In clear (or semi-clear) water, the biggest key, typically, is looking for catchable fish where light levels approximate prime time-which means deeper water, or the shade of cover like weeds or wood.
Genz has long theorized that prey often choose to position at depth levels featuring just enough light to allow them to function, but where predators (like walleyes) have a harder time seeing them. One shortcut that often leads to daytime walleyes in clear-water environments: Look at the base of dropoffs, where the harder surface of the drop gives way to softer bottom.
This is the sticky-bottom area that Genz was the first to talk about, and is often the most under-fished zone. “Find the sticky bottom area right where the dropoff ends,” he says. “That’s where you find bloodworms, mayfly larvae, other insects. There’s life there, and that attracts predator fish, walleyes included.”
Weeds, particularly when they’re still standing and green, hold walleyes year-around, ice season included. Even though the rapidly-changing light levels of evening and early morning are usually the best times in clear water environments, daytime ‘eyes can be caught in the weeds, especially along the deeper edges and openings in lush patches. Wood (timber and brush) is always good, too, and can be the only shallow cover in some systems, particularly reservoirs.

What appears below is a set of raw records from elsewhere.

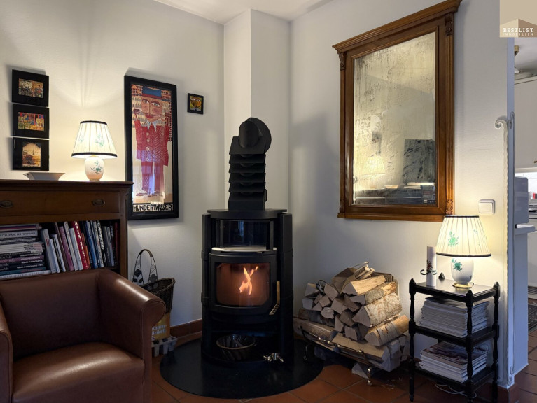 Hier stehen eine gemütliche Küche mit Schwedenofen, ein Essplatz, ein Wohnbereich, zwei Zimmer sowie ein Bad zur Verfügung. Besonders stimmungsvoll ist der Rundbogen, der Küche und Wohnbereich optisch voneinander trennt und gemeinsam mit dem Ofen eine sehr behagliche Wohnatmosphäre schafft.
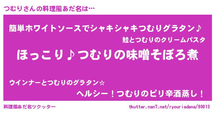 | ヘコむあだ名 | 『つむにゅー』『つむっぺ』 |
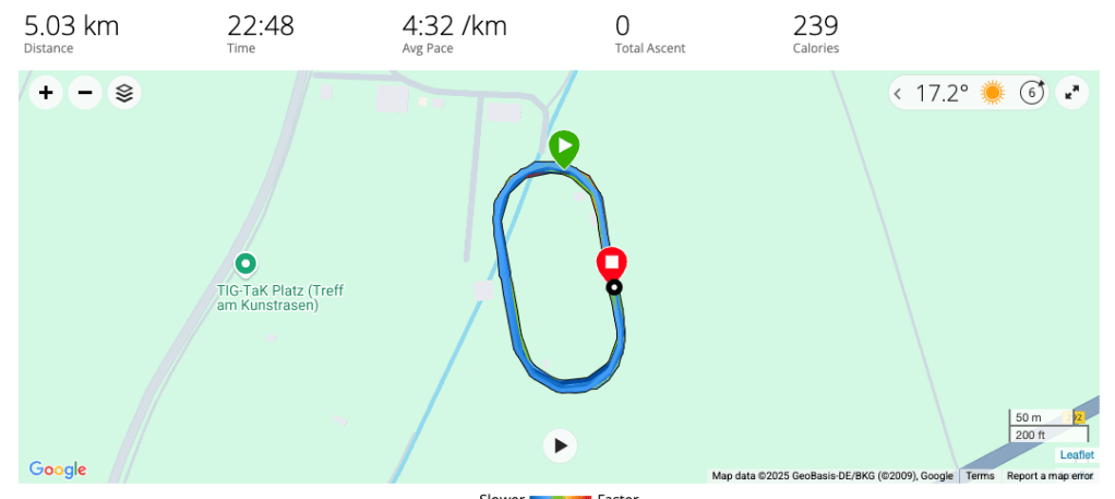 From all the efforts on this track, this 22 minute 5k, the fastest 5k for me so far is the most pleasing effort for me. It came at a stressful time at work, and probably that stress added some extra adrenaline to the run 😃.
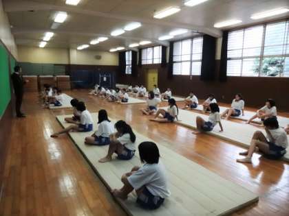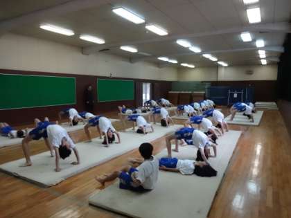 1年4・5組、体育女子。全員ブリッジ、すごい!
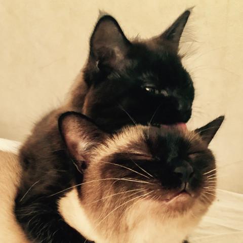 シャム猫「まろん」と黒猫「くぅ」仲良し!
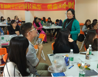 活动开展的第一天,公司派出的两位实习生早早到达会场准备要签到的物料。一名实习生跟着活动负责人一起负责学员的签到事项,并发放名牌,另一名见习生则带领学员们放置行李并安排大家就座。9点半,全员准时入座,一天的培训正式开始。为了调动活动现场学员们的积极性,在开班仪式中,班主任让每桌的学员分成小组,每个组员得为自己小组争取“元宝”,得到最多元宝的前三名则有奖励。气氛活跃的开班仪式结束后,由阿里巴巴的高级客户经理曾经理为大家讲述他的工作历程,令学员们收获颇深。

Presentation for Daytime Walleyes
In crystal clear water under high barometric pressure, smaller baits can shine. At prime times, walleyes actively seek food, and bigger can be the trigger.
Treat every outing as an experiment. Don’t live and die by the rules. Start with what makes sense, but give the fish different looks. They’ll ‘tell you’ what they want by their response.
It’s crucial to carry a variety of lures, plastics, and live baits. Genz has developed and continues to help refine ice lures for Lindy. The development of Techni-Glo finishes, and the Tazer to charge them, helps walleyes see your bait better. Even walleyes can use a hand in the vision department where light is low.
Flyers are aggressive, horizontal-shooting swim baits that come in many sizes. When allowed to do their thing on a slack line after you pump them, they swim like a fish, erratically, gliding and head-thumping side to side. The Rattl’n Flyer Spoon is a great walleye bait, but it must be fished hard. Shake it to get those rattles talking. Let it flutter on the fall. Keep it moving.
The Lindy Darter is a subtle but extremely effective walleye bait that you fish without live bait. And the Slick Jig is a horizontal ice jig in the right sizes for walleyes, that can be tipped with live bait or Techni-Glo plastics.
The Genz Bug, with its signature kicking motion due to the 45-degree-angled hook, has become another of Dave’s go-to daytime walleye presentations. It fishes well with plastic tails or live baits. “It has a different type of kicking motion,” says Genz. “I think it resembles a fry swimming in the water. It really triggers fish.” A huge plus: when packed with maggots, the Genz Bug falls slowly, like a parachute, rarely spinning. In ice fishing, spinning is not good.
Many of you would not consider the Fat Boy or Genz Worm potential walleye trickers, but Dave packs the larger sizes with maggots or waxies and turns daytime walleyes into ready biters. A little-known package gaining in popularity: mate these jigs with a contrasting Techni-Glo plastic tail. You can ‘pound’ it to get the tail and head kicking, or ‘swim’ it smoothly. Again, show the walleyes alternatives and they’ll tell you when you have it right-for the moment.
Keep Moving
When it comes to daytime ice fishing advice, Genz always cautions against letting a big fish get in the way of remaining on the move.
“Be happy when you catch a nice fish,” he says. “But don’t fall in love with that hole. Hang in there for a while. But if you don’t catch another one within about 5 or 10 minutes, go to the next hole.”